The China Banking Regulatory Commission announced Tuesday that it will be conducting spot-checks on bank loans granted in select sectors as part of its effort to rein in credit growth and reduce risk.
Inspectors will be sent to seven provinces, including Guangdong in the south and Jiangsu in the east, to examine loans given to companies in the steel, aluminum, cement, real estate and automobile sectors.
The China Development Bank--a policy bank that lends primarily for infrastructure projects--the Big Four state-owned commercial banks, the 11 joint-stock commercial banks and rural credit cooperatives will be inspected.

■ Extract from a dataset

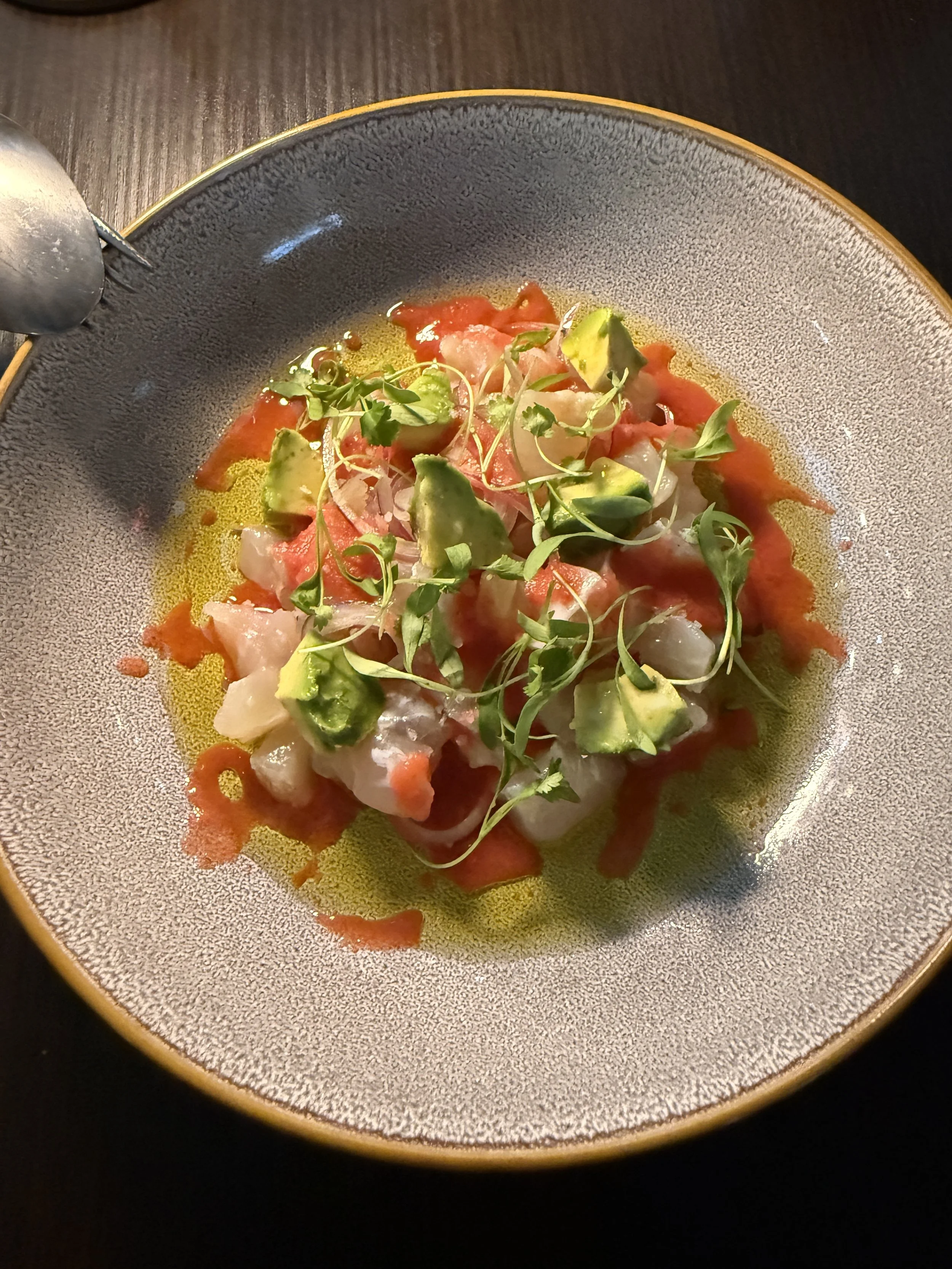 We kicked off our meal with a Ceviche, made with fresh Corvina and served in a vibrant strawberry leche de tigre. The flavor was unlike any ceviche I’ve had before. It was sweet, citrusy, and refreshing. It came with crispy, homemade malanga chips that were almost too pretty to eat but, of course, we devoured them.

The rapid increase in loans in the past few months has fueled excessive investment in the five sectors slated for inspection. They have also pushed China's monetary growth to levels that many fear will lead to inflation and erode robust economic development.
China's money supply growth eased slightly last month, which some analysts said was a sign that last year's monetary policy was still working, but inflationary pressure remains.
Broad money supply, M2, which covers cash in circulation and all deposits, rose 19.2 percent year-on-year in March, according to People's Bank of China (PBOC) Governor Zhou Xiaochuan.
The pace was slower than the 19.4 percent recorded at the end of February, but outstripped the central bank's full-year goal of 17 percent.
"It appears the effect of last year's monetary policy is showing," said Zhang Liqun, a senior analyst with the Development Research Center, a State Council think tank.
The central bank seems to be on the way to achieving its goal of curbing only excessive monetary growth, but how the coming months will shape up is difficult to say, said Zhang.
"It's a good sign, but we need to see how much this year's monetary policy can help," Zhang said.
Worried that rapid credit growth may fuel inflation, the PBOC announced on Sunday that reserve requirements for commercial banks would rise half a percentage point to 7.5 percent on April 25. The increase will not affect rural credit cooperatives.
The higher reserve will freeze approximately 110 billion yuan (US$13.3 billion) in commercial banks' liquidity.
Yet analysts say the hikes are hardly enough to harness the rapid increases in bank loans, given the strong desire by local governments and the private sector to invest. A huge part of China's fixed investment is funded by bank loans.
Many local governments are eager to tap into the new round of economic growth, encouraging investment by handing out preferential land and electricity use policies.
Private capital also keeps flowing into fast-growing sectors as China lifts investment restrictions.
"The investment impetus is just tremendous," said Wang Yuanhong, a senior analyst with the State Information Center.
The central bank raised bank reserve requirements by 1 percentage point to 7 percent in September last year to restrict the banks' lending capacity.
Loan growth subsided slightly in the following months, but picked up again in the first two months of this year.